WHAT TO DO:
Given the entries below, would you transcribe exactly the lines starting at the one with "4年生は国語「スワンレイクの" and ending at the one with "sursă: Scînteia, 7", both kept, pictures omitted, nothing extra?

INPUT:
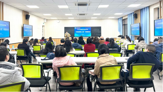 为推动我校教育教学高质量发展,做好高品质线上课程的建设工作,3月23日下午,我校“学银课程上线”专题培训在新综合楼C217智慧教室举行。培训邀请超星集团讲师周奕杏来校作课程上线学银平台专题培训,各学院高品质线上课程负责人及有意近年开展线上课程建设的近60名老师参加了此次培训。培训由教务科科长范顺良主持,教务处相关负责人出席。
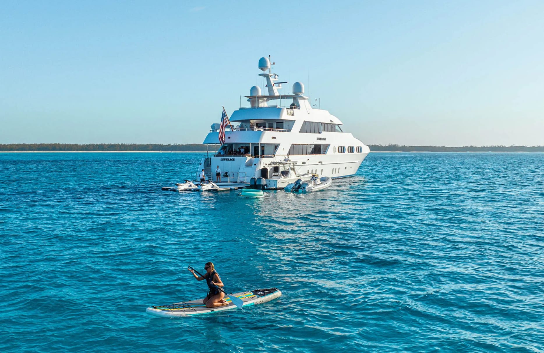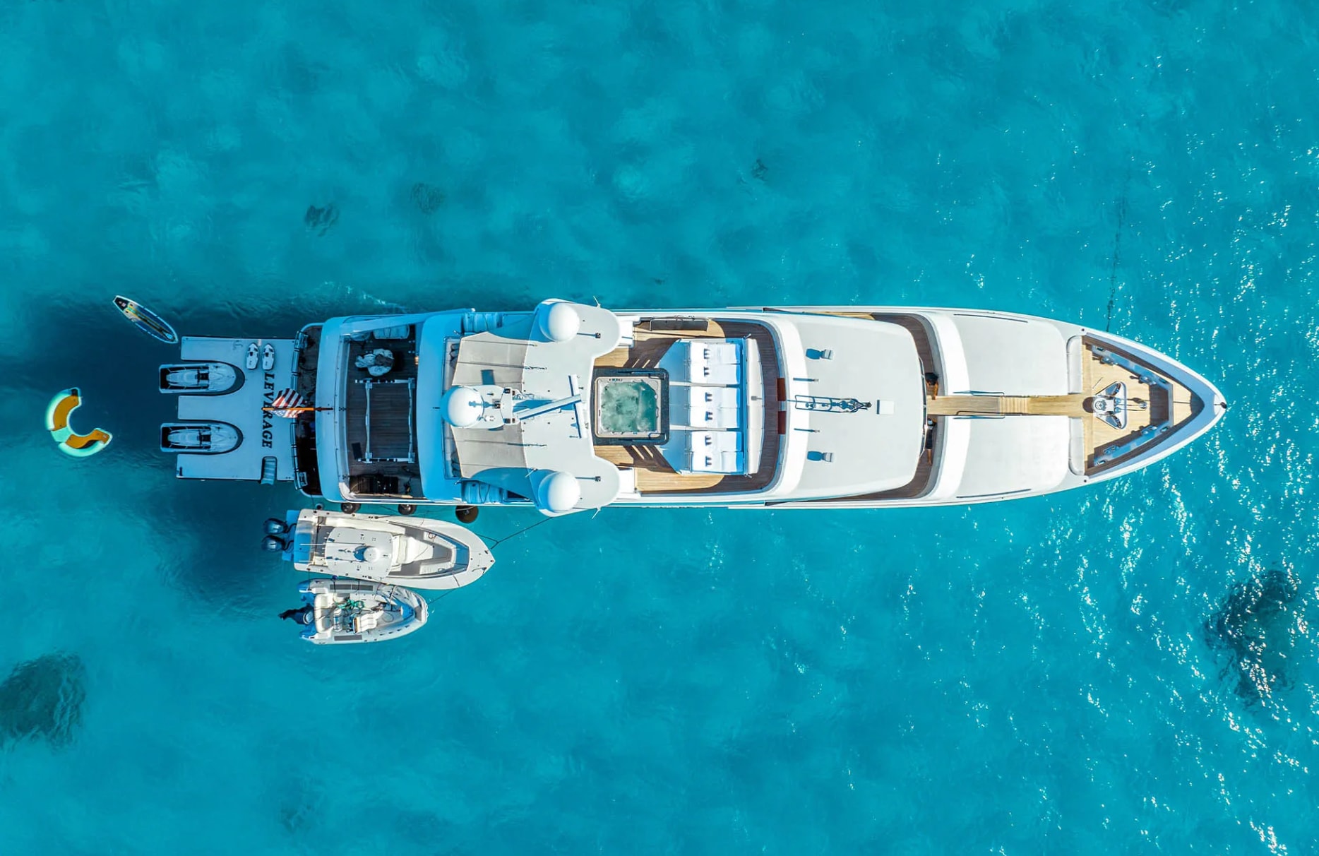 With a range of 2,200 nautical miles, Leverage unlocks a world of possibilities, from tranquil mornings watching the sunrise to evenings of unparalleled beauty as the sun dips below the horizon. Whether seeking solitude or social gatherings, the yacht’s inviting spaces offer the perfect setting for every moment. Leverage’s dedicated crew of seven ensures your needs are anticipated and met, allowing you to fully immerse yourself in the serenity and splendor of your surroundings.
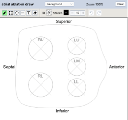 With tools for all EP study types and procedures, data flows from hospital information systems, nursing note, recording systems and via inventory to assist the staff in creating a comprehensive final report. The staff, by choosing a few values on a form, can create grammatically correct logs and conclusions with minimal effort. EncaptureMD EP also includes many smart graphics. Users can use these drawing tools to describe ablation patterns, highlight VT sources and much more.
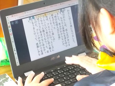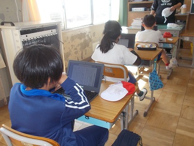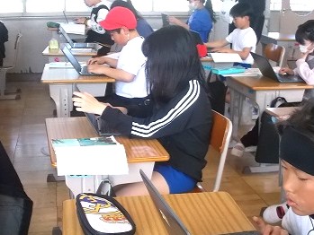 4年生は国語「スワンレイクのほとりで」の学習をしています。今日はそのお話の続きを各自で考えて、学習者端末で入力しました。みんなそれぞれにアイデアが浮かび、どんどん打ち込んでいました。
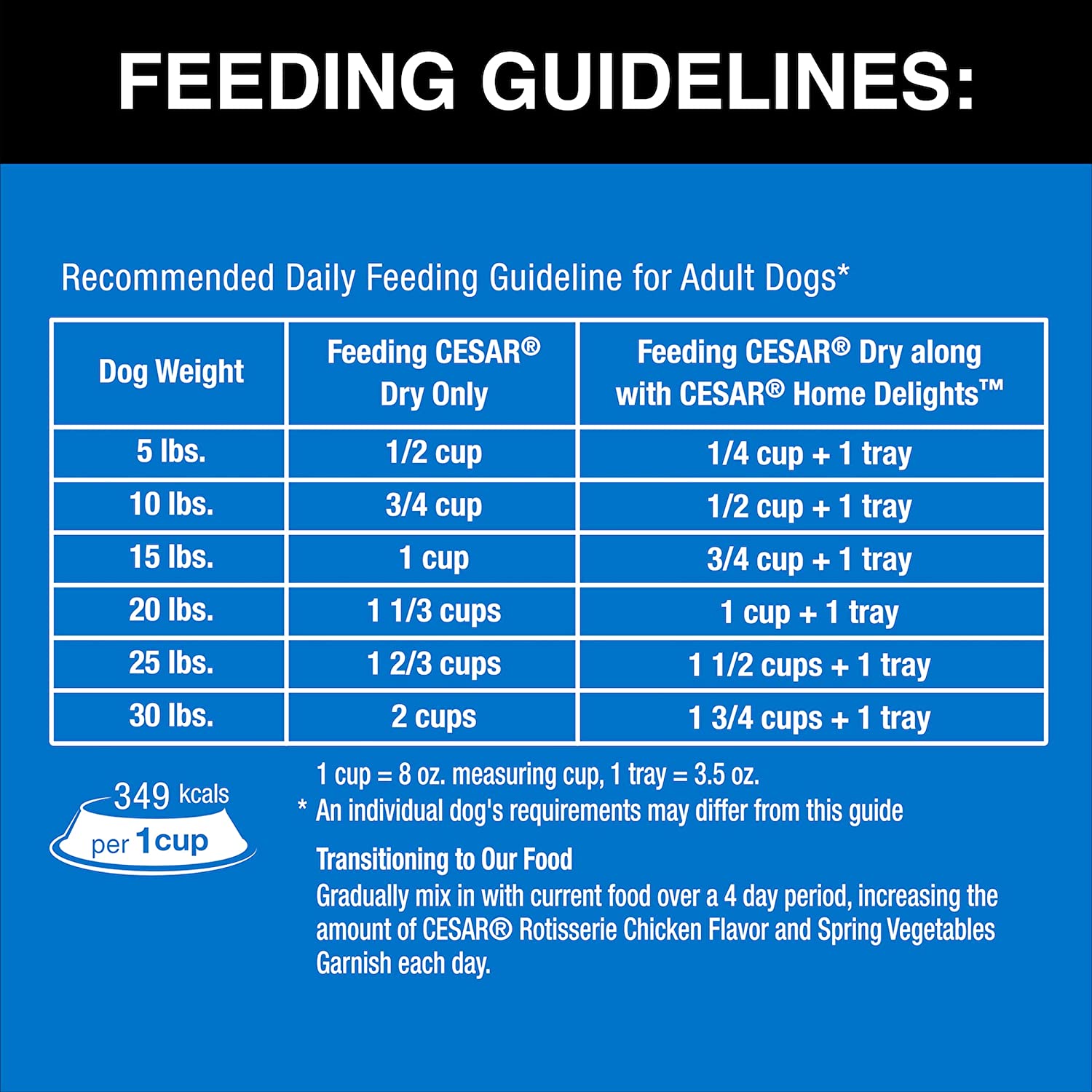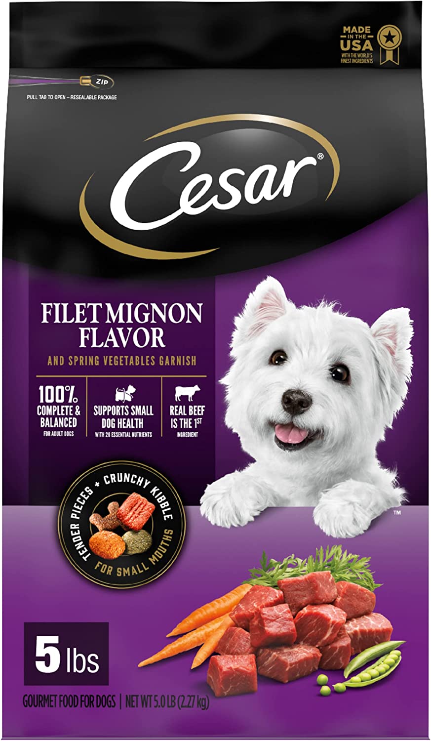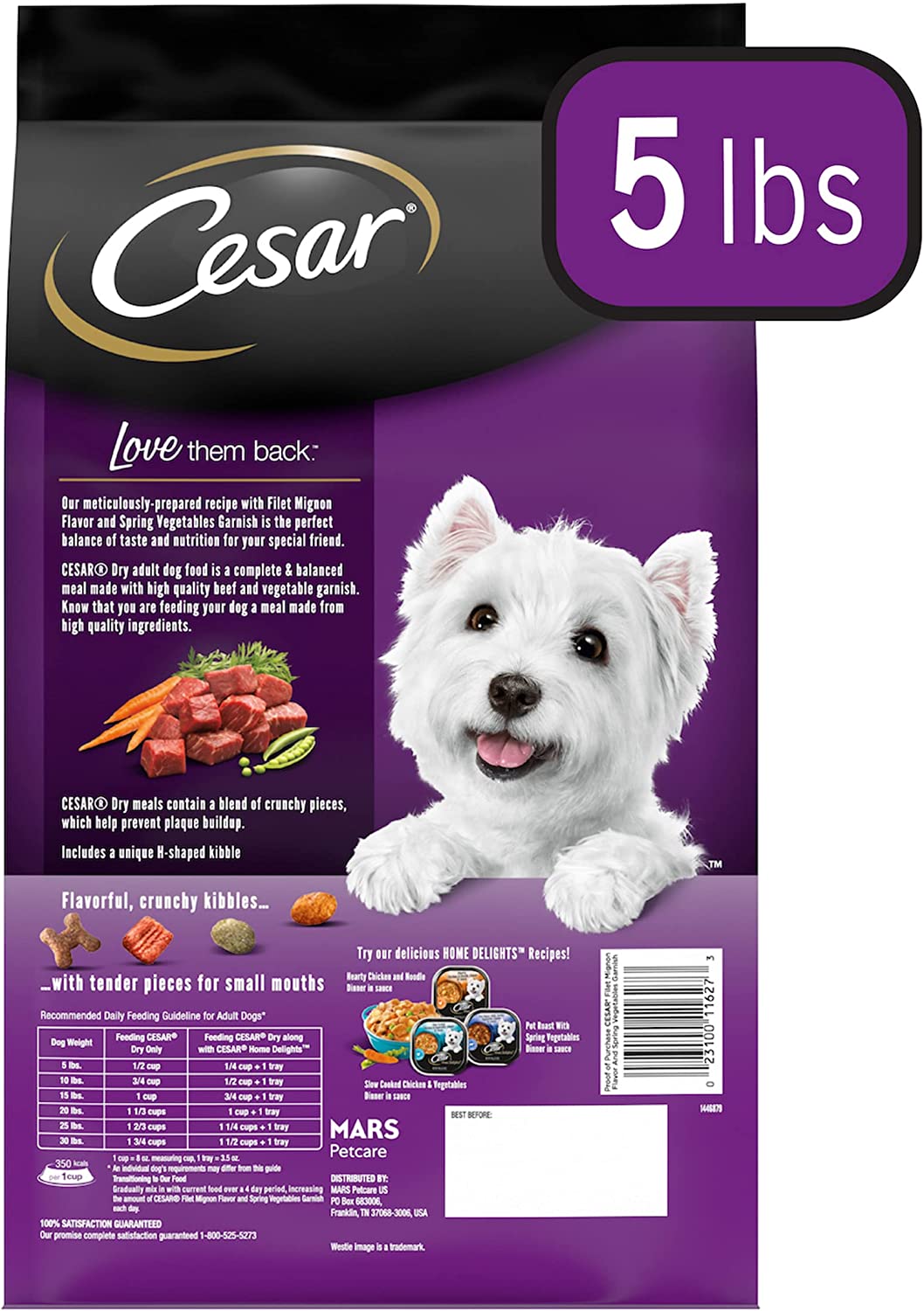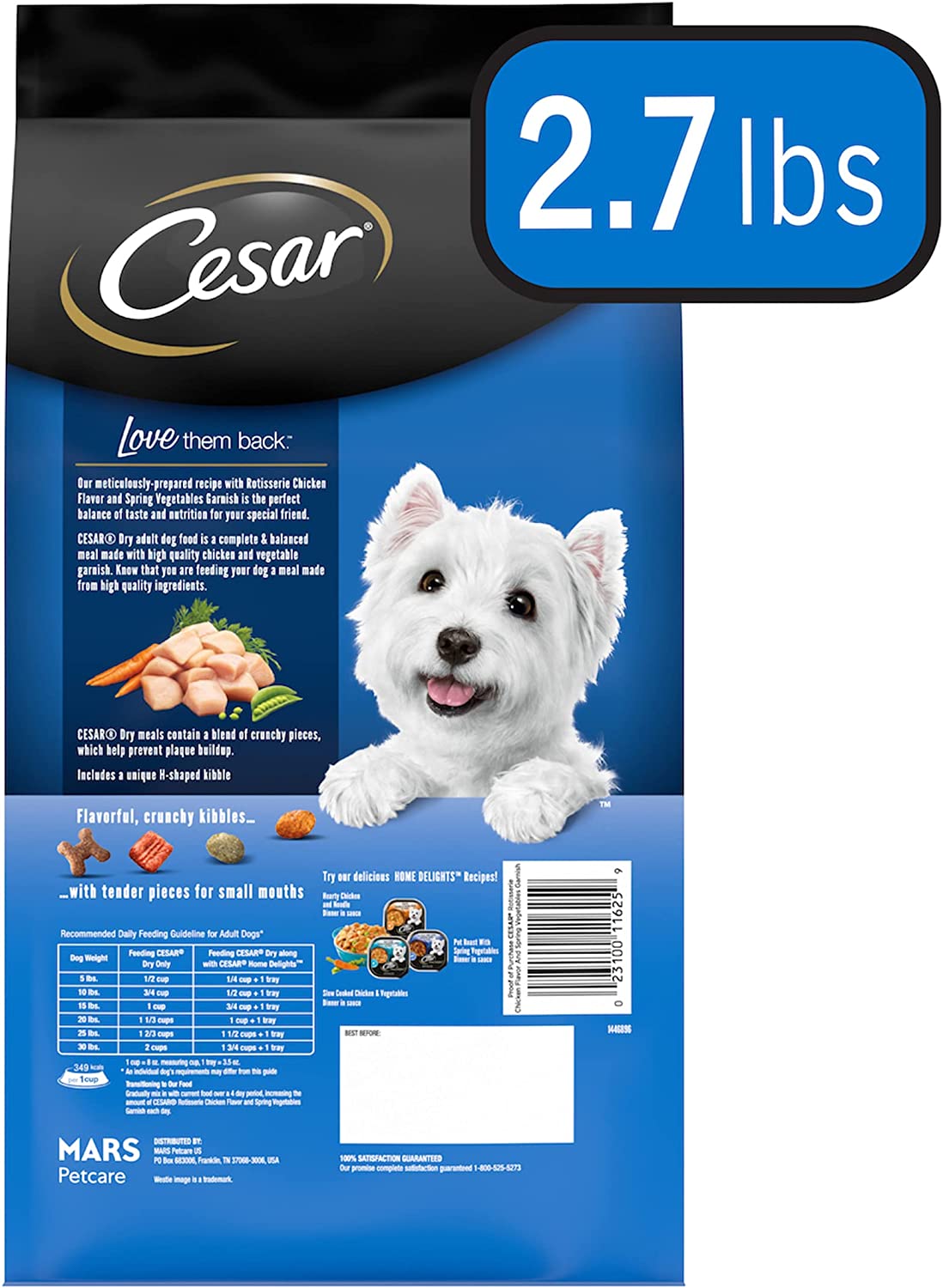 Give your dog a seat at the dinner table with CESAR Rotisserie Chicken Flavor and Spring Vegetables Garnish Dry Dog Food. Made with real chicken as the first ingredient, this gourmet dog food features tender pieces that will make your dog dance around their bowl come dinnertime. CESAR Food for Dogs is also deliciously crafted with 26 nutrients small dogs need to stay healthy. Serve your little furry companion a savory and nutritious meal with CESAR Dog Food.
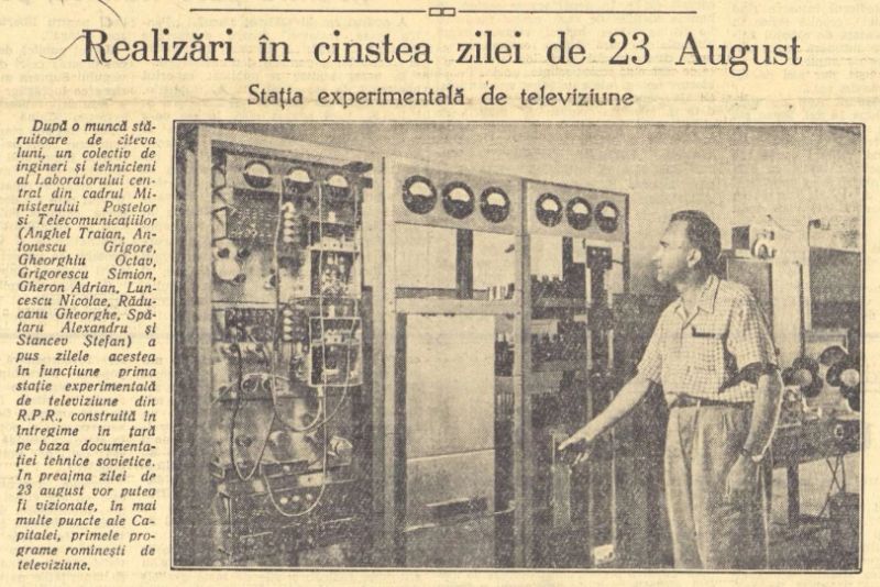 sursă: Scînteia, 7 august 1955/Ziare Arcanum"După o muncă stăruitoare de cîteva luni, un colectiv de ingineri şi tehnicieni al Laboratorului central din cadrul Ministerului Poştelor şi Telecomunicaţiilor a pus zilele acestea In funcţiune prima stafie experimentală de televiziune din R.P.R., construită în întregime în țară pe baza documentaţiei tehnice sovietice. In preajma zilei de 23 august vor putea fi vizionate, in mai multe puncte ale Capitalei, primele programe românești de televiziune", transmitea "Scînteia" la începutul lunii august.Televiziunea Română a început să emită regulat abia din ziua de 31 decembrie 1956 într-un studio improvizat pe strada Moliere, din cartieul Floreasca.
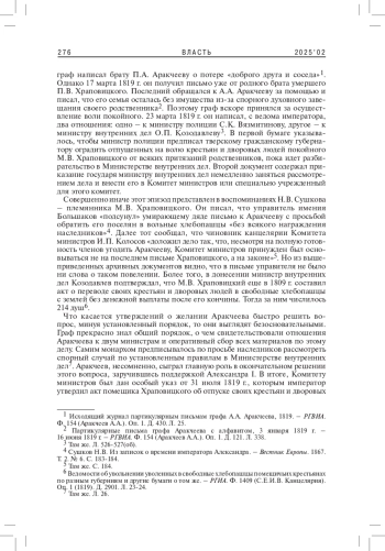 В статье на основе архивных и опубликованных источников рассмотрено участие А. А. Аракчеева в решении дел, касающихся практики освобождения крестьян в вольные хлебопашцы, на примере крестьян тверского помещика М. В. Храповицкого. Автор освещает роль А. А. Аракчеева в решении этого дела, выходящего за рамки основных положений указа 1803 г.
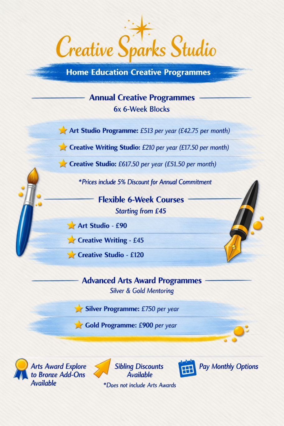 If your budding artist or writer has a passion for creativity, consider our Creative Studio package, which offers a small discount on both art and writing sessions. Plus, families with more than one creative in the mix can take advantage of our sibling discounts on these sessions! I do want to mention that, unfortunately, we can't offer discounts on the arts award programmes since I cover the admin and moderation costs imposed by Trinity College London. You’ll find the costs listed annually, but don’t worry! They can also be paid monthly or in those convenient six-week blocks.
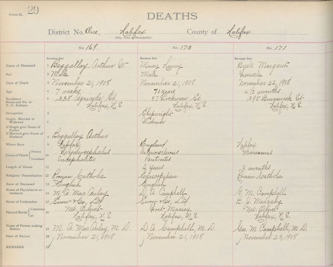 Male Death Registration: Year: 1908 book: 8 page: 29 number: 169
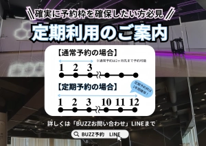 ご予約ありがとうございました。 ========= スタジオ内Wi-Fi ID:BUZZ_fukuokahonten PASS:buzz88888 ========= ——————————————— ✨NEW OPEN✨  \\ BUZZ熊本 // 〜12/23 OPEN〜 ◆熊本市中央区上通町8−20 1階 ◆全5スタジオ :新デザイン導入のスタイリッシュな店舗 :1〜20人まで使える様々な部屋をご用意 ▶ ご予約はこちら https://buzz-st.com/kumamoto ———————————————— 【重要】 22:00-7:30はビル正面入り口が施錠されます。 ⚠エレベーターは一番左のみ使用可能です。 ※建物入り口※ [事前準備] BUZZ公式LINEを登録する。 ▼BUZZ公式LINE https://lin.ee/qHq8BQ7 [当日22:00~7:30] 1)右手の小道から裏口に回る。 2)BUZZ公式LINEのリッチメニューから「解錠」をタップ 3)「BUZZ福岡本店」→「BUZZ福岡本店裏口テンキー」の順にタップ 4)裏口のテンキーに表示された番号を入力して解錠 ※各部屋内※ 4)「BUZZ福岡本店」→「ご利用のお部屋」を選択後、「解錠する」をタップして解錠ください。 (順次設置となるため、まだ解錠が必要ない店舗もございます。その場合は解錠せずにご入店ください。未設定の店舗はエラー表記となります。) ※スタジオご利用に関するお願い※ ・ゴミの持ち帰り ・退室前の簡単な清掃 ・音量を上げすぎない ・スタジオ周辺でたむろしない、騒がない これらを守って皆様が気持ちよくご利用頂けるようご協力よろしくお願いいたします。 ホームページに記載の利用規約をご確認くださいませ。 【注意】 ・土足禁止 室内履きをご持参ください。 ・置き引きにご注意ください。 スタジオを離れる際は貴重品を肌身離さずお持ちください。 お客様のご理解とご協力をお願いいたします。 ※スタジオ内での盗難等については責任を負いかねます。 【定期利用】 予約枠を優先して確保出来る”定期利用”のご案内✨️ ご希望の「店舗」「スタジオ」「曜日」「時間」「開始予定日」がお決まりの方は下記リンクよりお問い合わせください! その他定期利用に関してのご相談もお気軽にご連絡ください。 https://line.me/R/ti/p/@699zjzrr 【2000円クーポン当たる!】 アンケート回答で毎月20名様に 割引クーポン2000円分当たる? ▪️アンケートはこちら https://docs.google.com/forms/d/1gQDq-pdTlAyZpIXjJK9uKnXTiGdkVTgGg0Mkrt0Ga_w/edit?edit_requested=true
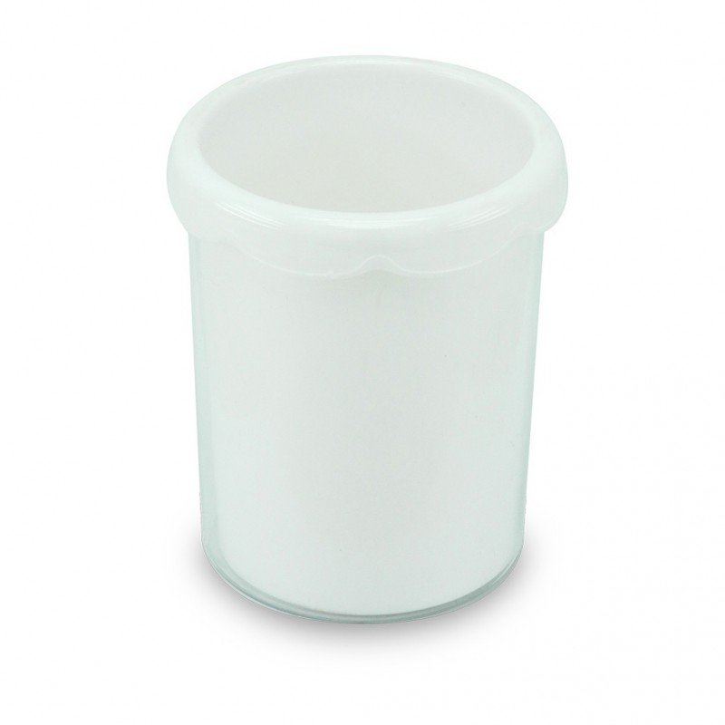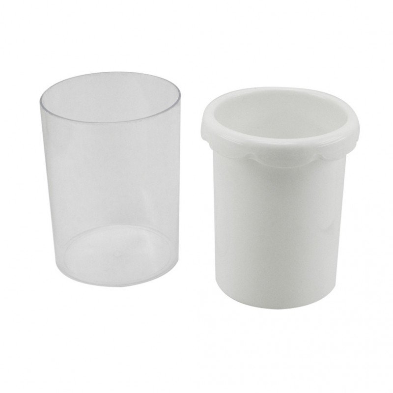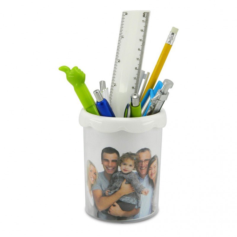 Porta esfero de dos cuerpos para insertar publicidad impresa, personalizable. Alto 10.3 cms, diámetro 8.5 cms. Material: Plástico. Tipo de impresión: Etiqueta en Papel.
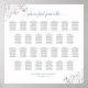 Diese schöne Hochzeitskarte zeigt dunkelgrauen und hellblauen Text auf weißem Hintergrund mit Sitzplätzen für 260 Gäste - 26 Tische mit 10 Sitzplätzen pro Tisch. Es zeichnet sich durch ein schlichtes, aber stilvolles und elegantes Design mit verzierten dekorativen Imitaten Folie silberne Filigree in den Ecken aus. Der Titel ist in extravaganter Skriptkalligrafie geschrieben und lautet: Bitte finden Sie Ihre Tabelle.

RESULT BELOW:
 4年生は国語「スワンレイクのほとりで」の学習をしています。今日はそのお話の続きを各自で考えて、学習者端末で入力しました。みんなそれぞれにアイデアが浮かび、どんどん打ち込んでいました。
 Give your dog a seat at the dinner table with CESAR Rotisserie Chicken Flavor and Spring Vegetables Garnish Dry Dog Food. Made with real chicken as the first ingredient, this gourmet dog food features tender pieces that will make your dog dance around their bowl come dinnertime. CESAR Food for Dogs is also deliciously crafted with 26 nutrients small dogs need to stay healthy. Serve your little furry companion a savory and nutritious meal with CESAR Dog Food.
 sursă: Scînteia, 7 august 1955/Ziare Arcanum"După o muncă stăruitoare de cîteva luni, un colectiv de ingineri şi tehnicieni al Laboratorului central din cadrul Ministerului Poştelor şi Telecomunicaţiilor a pus zilele acestea In funcţiune prima stafie experimentală de televiziune din R.P.R., construită în întregime în țară pe baza documentaţiei tehnice sovietice. In preajma zilei de 23 august vor putea fi vizionate, in mai multe puncte ale Capitalei, primele programe românești de televiziune", transmitea "Scînteia" la începutul lunii august.Televiziunea Română a început să emită regulat abia din ziua de 31 decembrie 1956 într-un studio improvizat pe strada Moliere, din cartieul Floreasca.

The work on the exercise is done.